= Pride celebrations in New Zealand =

LGBTQ+ pride is celebrated in New Zealand largely throughout February and March, as well as during the worldwide Pride Month in June. In addition to local New Zealand also celebrates global observances such as International Transgender Day of Visibility and Lesbian Visibility Week.
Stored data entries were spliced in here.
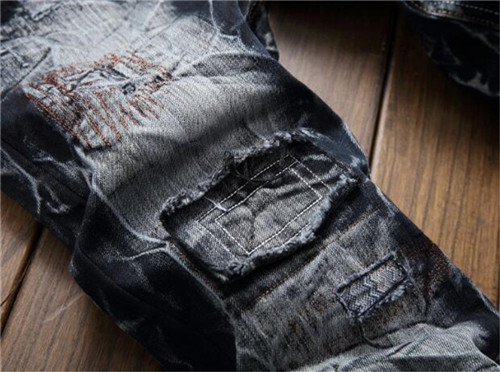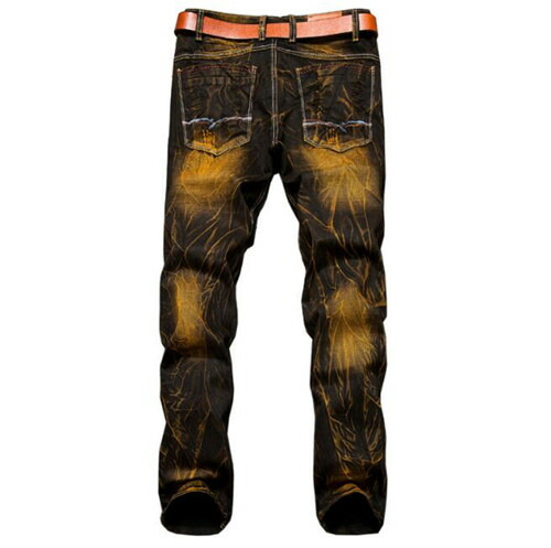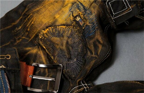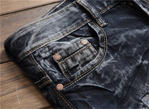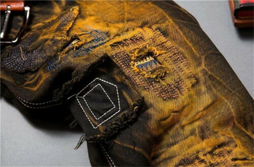 生地は厚手のデニム素材ビンテージ風のダメージジーンズです。圧倒的な存在感で着こなしは自由自在です。トップスをシックに決めてもラフに決めて良い優れものです。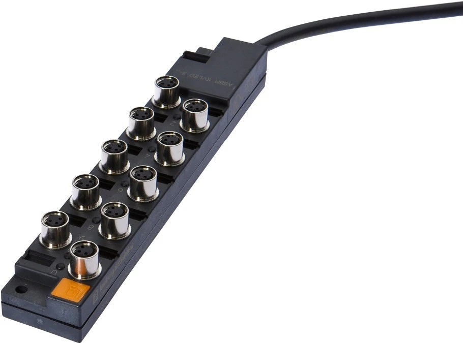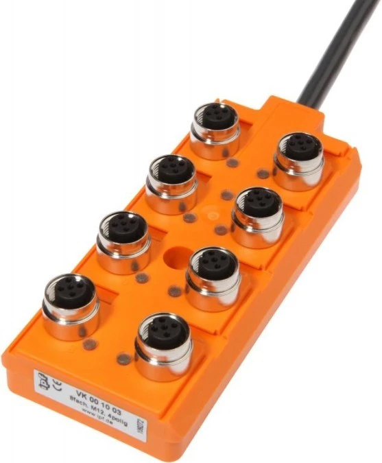 8. VK001003, rozdzielacz, 30x127x54mm, 10-30V DC, 8x M12, 4pin, IP67, TPU, Gniazdo czujnika/siłownika z przewodem uziemiającym, 12A 682.69
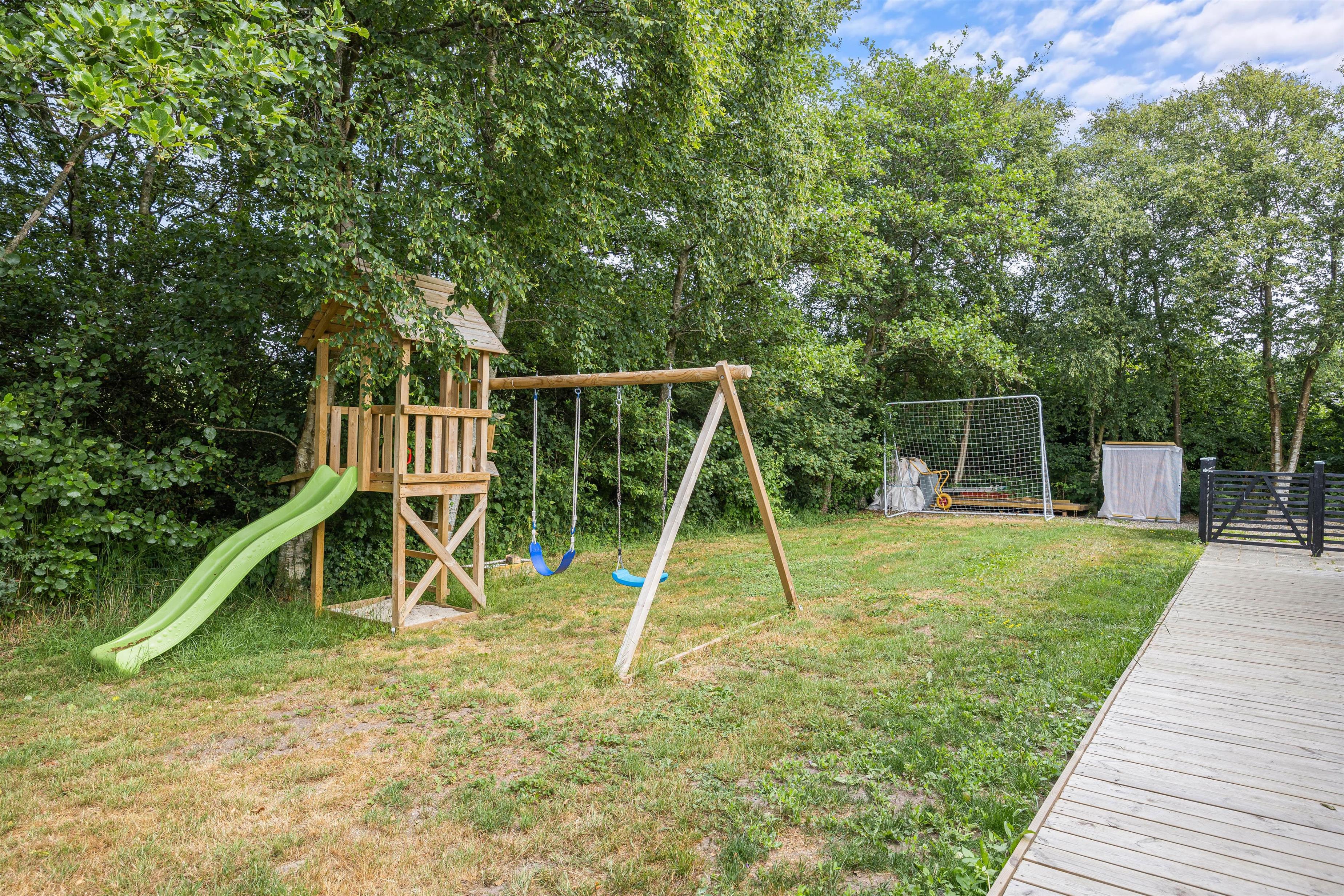 Grunden er indhegnet, så I ikke behøver at bekymre jer om, at børnene tager alene på eventyr. I stedet kan børnene brænde energien af på græsplænen eller på gyngen.

== National pride celebrations ==
The anniversary of the 1986 Homosexual Law Reform Act is observed on 9 July, and the anniversary of same-sex marriage in New Zealand is observed on 19 August. The annual Sweat with Pride fundraiser event is held in June. GiveOUT Day is a nationwide day of fundraising for LGBTQ+ organisations held each October.

== By location ==
=== Auckland ===
The annual Auckland Pride Festival and Auckland Rainbow Parade are held in February, as is the Big Gay Out festival.

=== Christchurch ===
Christchurch Pride takes place throughout March. Festivities include a Rainbow Ride biking fundraiser, an interfaith Pride Service, and a closing picnic.

=== Dunedin ===
Dunedin Pride Month takes place each March.

=== Hamilton ===
In Hamilton, Pride Week takes place each April, culminating with a Pride in the Park picnic.

=== Marlborough ===
The Pride Wairau Festival takes place in June. In 2025, the festival's Pride rally was disrupted by Destiny Church demonstrators.

=== Nelson ===
The Whakatū Pride Festival is held annually in April.

=== Paekākāriki ===
Paekākāriki has annual pride festivals in October, which includes a self-proclaimed world's shortest pride parade.

=== Palmerston North ===
The annual Palmy Drag Fest takes place in October, accompanied by a Rainbow Fair of vendors and performers.

=== Queenstown ===
The annual Winter Pride Festival takes place each August in Queenstown. In 2026, Winter Pride organisers announced a hiatus, but stated intentions to resume the festival in 2027.

=== Rotorua ===
The Rotorua Chamber of Pride hosts Matariki Pride events in June.

=== Taranaki ===
Pride Taranaki Pride Week is held annually in April.

=== Tauranga ===
The city of Tauranga observes Pride Month in April.

=== Wellington ===
Wellington Pride Festival originated with the 1986 Newtown Lesbian and Gay Fair, organized to support the Homosexual Law Reform Act. The Wellington International Pride Parade branched off as an independent organisation in 2017.

=== Whangārei ===
Whangārei Pride Festival events are held throughout March.

=== Whanganui ===
Whanganui observes Pride Week in June.